The repeat rules of regular expressions are greedy by default. When you repeat a RE, the matching engine will try to match as many as possible. Until RE does not match or ends, the matching engine will return a character and try again.

We will explain to you step by step through examples what is "greedy": first, consider expression a [bcd] * B. First, we need to match the character 'a ', then there are zero to multiple [bcd] and end with 'B. Now imagine what will happen if this RE matches the string abcbd?

Procedure Match Description
1 A Match the first character 'a' of RE'
2 Abcbd The engine tries its best to match [bcd] * when complying with the rules until the end of the string.
3 Failed The engine tried to match the last character 'B' of RE, but the current position is the end of the string, so it failed.
4 Abcb Therefore, the [bcd] * matches one character less.
5 Failed Try again to match the last character 'B' of RE, but the last character of the string is 'B', so it fails.
6 Abc So [bcd] * This time only matches 'bc'
7 Abcb Try again to match this character 'B'. The current position of the character string is exactly 'B', And the match is successful.

Finally, the result of RE matching is abcb.

Annotation: the regular expression's default matching rules are greedy. Later, we will teach you how to use non-Greedy methods for matching.

Another implementation of repeated metacharacters is +, which is used to specify that the previous character matches once or multiple times.

Pay special attention to the difference between * and +: * The matching is zero or multiple times, so the Duplicated content may not appear at the root; + must appear at least once. For example, ca + t matches cat and caaat, but does not match ct.

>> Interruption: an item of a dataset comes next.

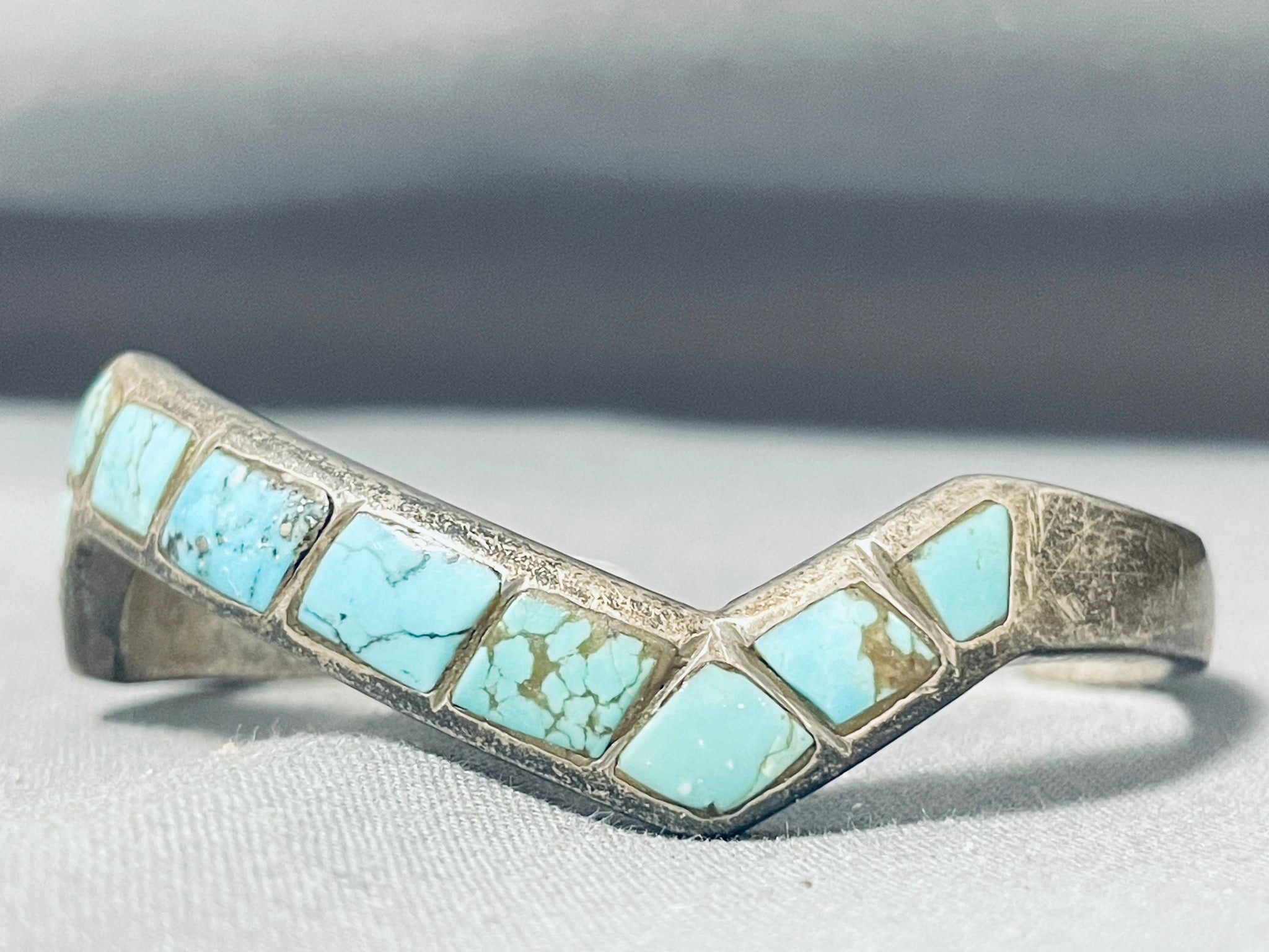 Breathtaking Vintage Native American Navajo Inlay Turquoise Sterling Silver Zigzag Bracelet

There are also two metacharacters, one of which is a question mark ?, It is used to specify whether the previous character matches zero times or once. You can think so. Its function is to set the flag of something to be optional.

The most flexible is the metacharacter {m, n} (both m and n are decimal numbers). The metacharacters mentioned above can be expressed using it, it means that the first character must match m to n times. For example, a/{1, 3} B will match a/B, a/B, and a ///B. But it does not match AB (No slash); it does not match a // B (more than three slashes ).

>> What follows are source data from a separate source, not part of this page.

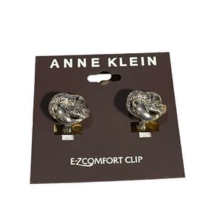 NWT Anne Klein Silver-Tone Etched Knot Clip-on Earrings
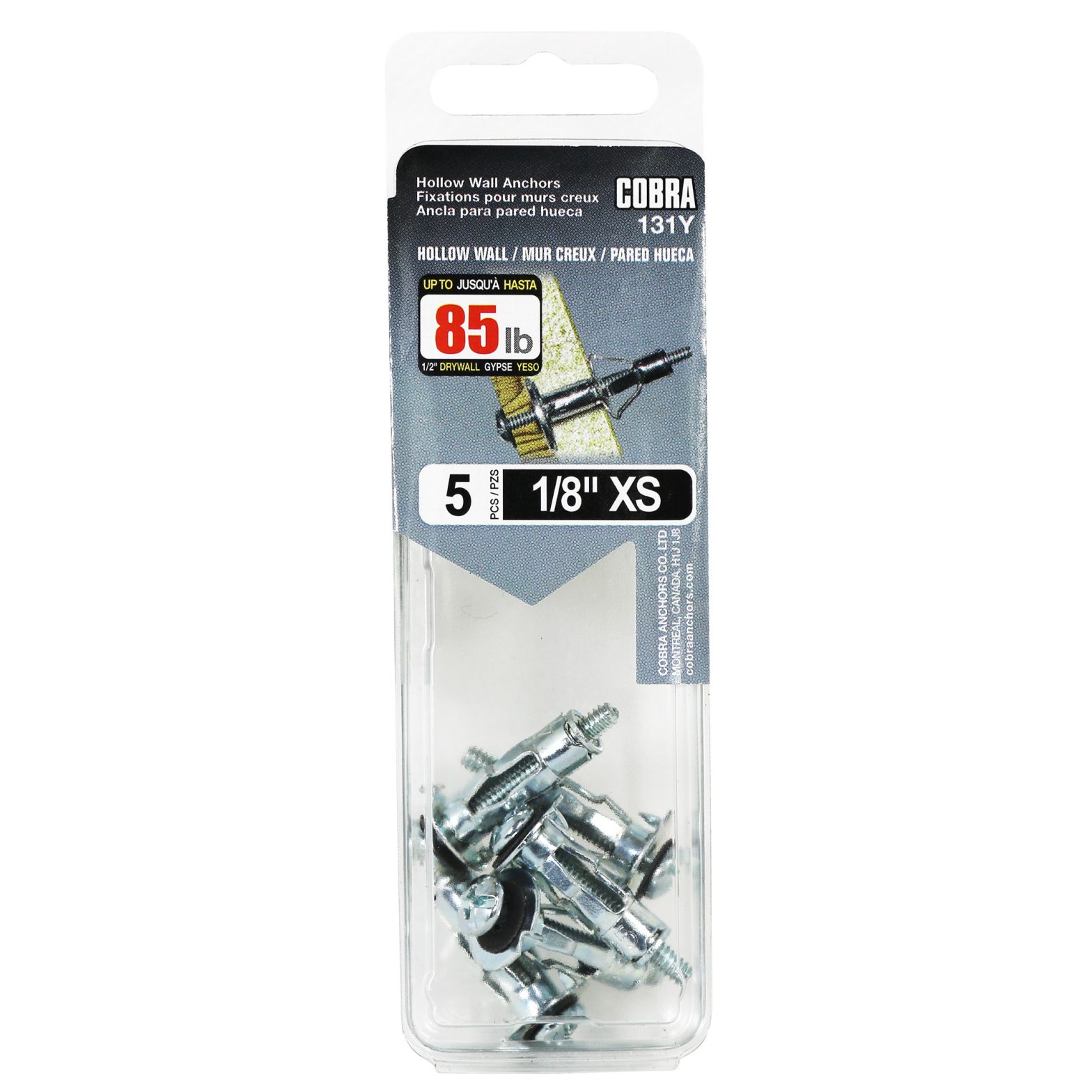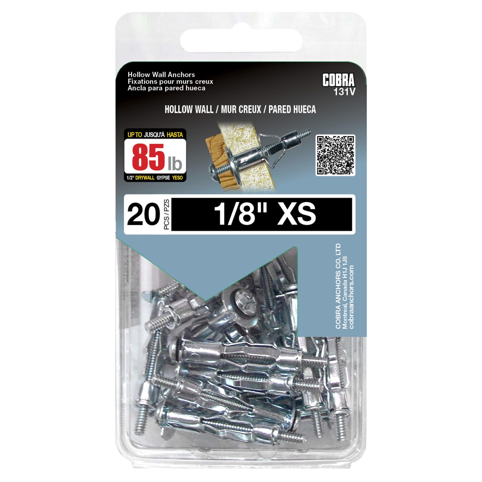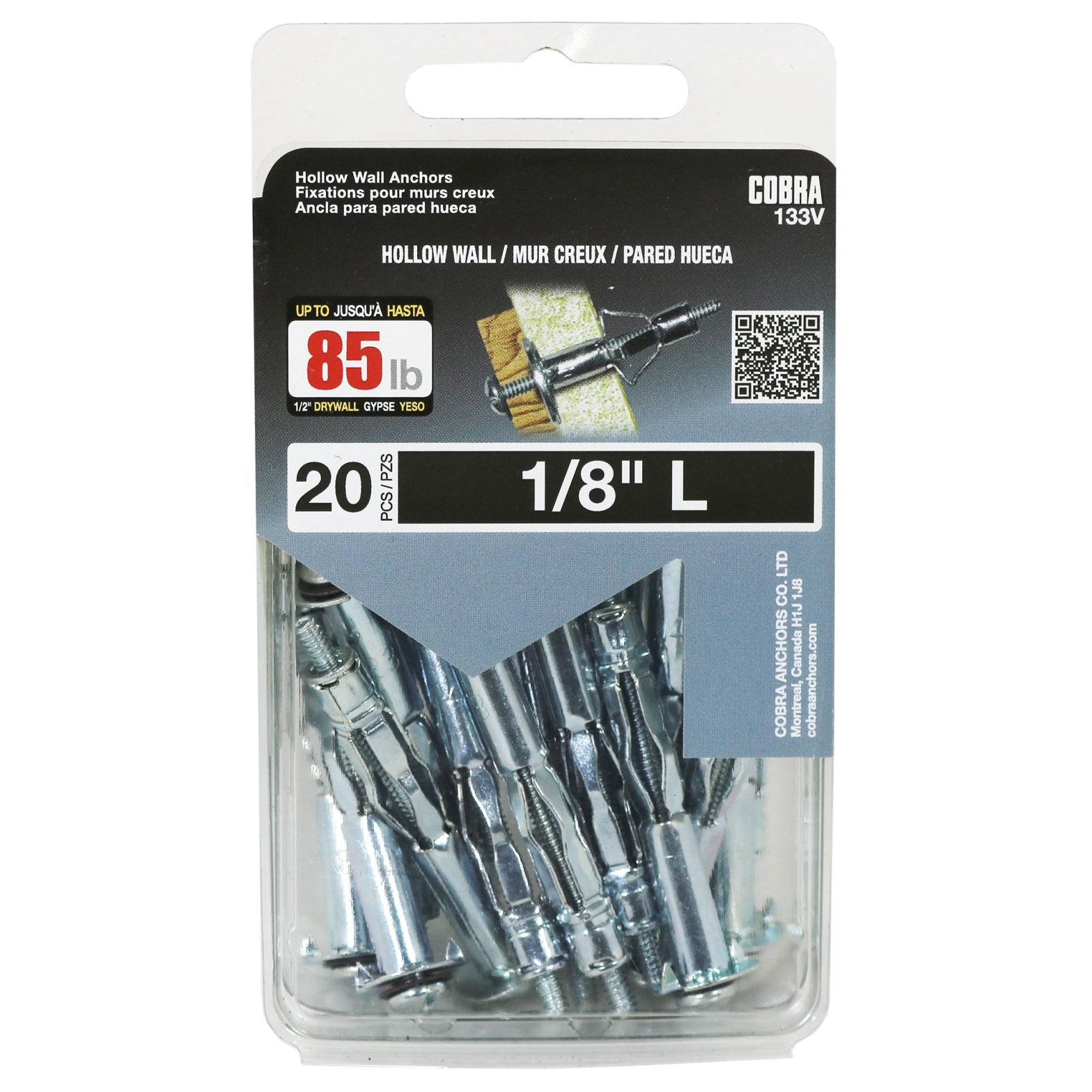 La fixation pour mur creux est entièrement fabriquée en acier et résiste aux vibrations. La tête de la vis s’adapte à trois types de pointes de tournevis : Philips/Plate. Pour un résultat plus rapide et une plus grande facilité d’installation, essayez l’ancrage autoforeur WallGripper® de Cobra.
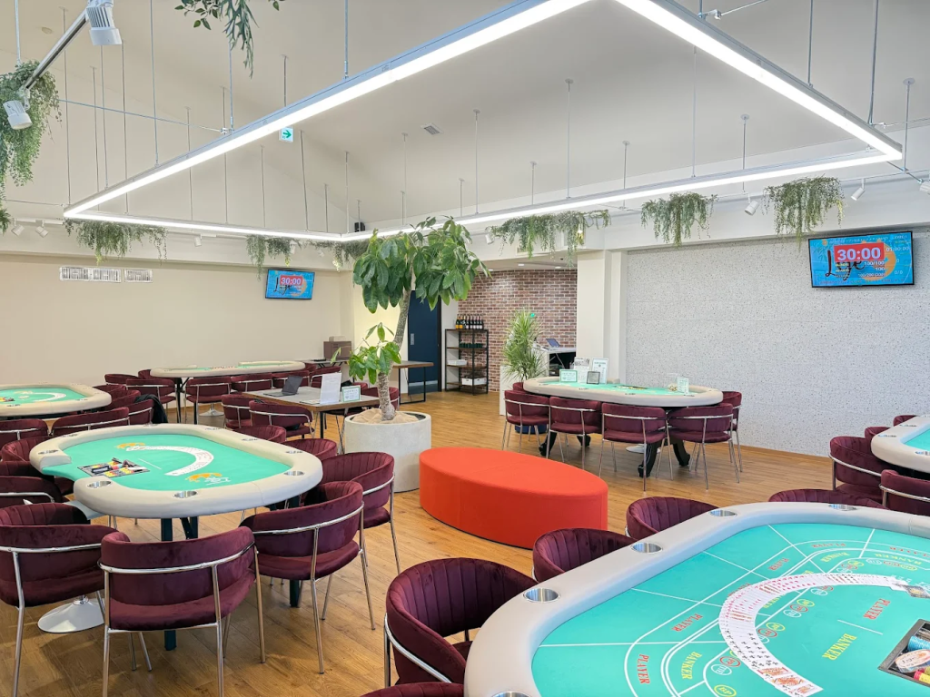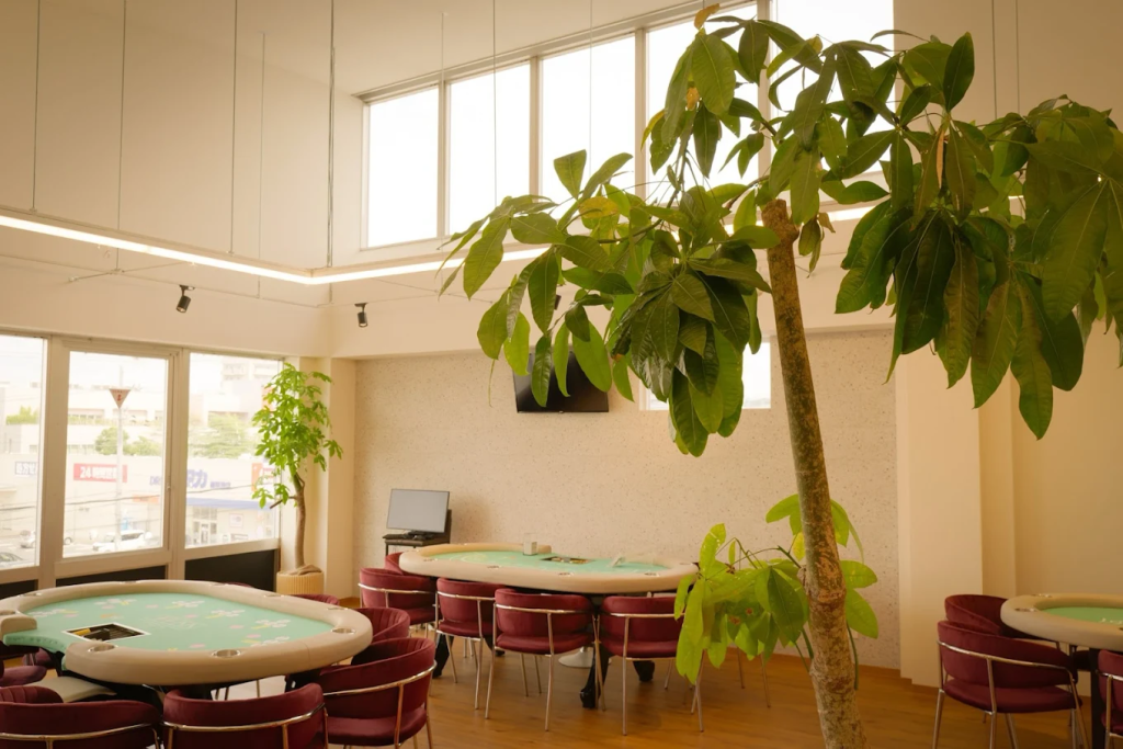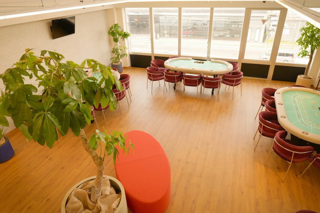 「アミューズメントカジノバー」と聞くと、薄暗い店内をイメージするかもしれませんが、こちらは大きな窓や観葉植物があり、明るく開放的な雰囲気◎

You can omit m or n. In this case, the engine assumes a reasonable value instead. If m is omitted, it is interpreted as the lower limit 0; if n is omitted, it is interpreted as Infinity (in fact, we mentioned 2 billion ).

Annotation: If it is {, n}, it is equivalent to {0, n}; if it is {m,} It is equivalent to {m, positive infinity}; if it is {n }, repeat the previous CHARACTER n times. Another super error is written as {m, n}. It looks pretty good, but note that spaces cannot be added to regular expressions at will, otherwise it will change the original meaning.

Finally, *, +, and? Both can be replaced by {m, n. {0,} is the same as *; {1,} is the same as +; {0, 1} is the same? Is the same. However, we encourage everyone to remember and use *, +, and ?, Because these characters are shorter and easier to read.

Note: Another reason is that the matching engine has * +? After optimization, the efficiency is higher.

(This article is complete)

Next article: Explanation of Python3 Regular Expressions (2)

If you like this article, please use the "Comments" below to encourage me. ^_^

Related Article

Contact Us

The content source of this page is from Internet, which doesn't represent Alibaba Cloud's opinion; products and services mentioned on that page don't have any relationship with Alibaba Cloud. If the content of the page makes you feel confusing, please write us an email, we will handle the problem within 5 days after receiving your email.

If you find any instances of plagiarism from the community, please send an email to: info-contact@alibabacloud.com and provide relevant evidence. A staff member will contact you within 5 working days.

A Free Trial That Lets You Build Big!

Start building with 50+ products and up to 12 months usage for Elastic Compute Service

  • Sales Support

    1 on 1 presale consultation

  • After-Sales Support

    24/7 Technical Support 6 Free Tickets per Quarter Faster Response

  • Alibaba Cloud offers highly flexible support services tailored to meet your exact needs.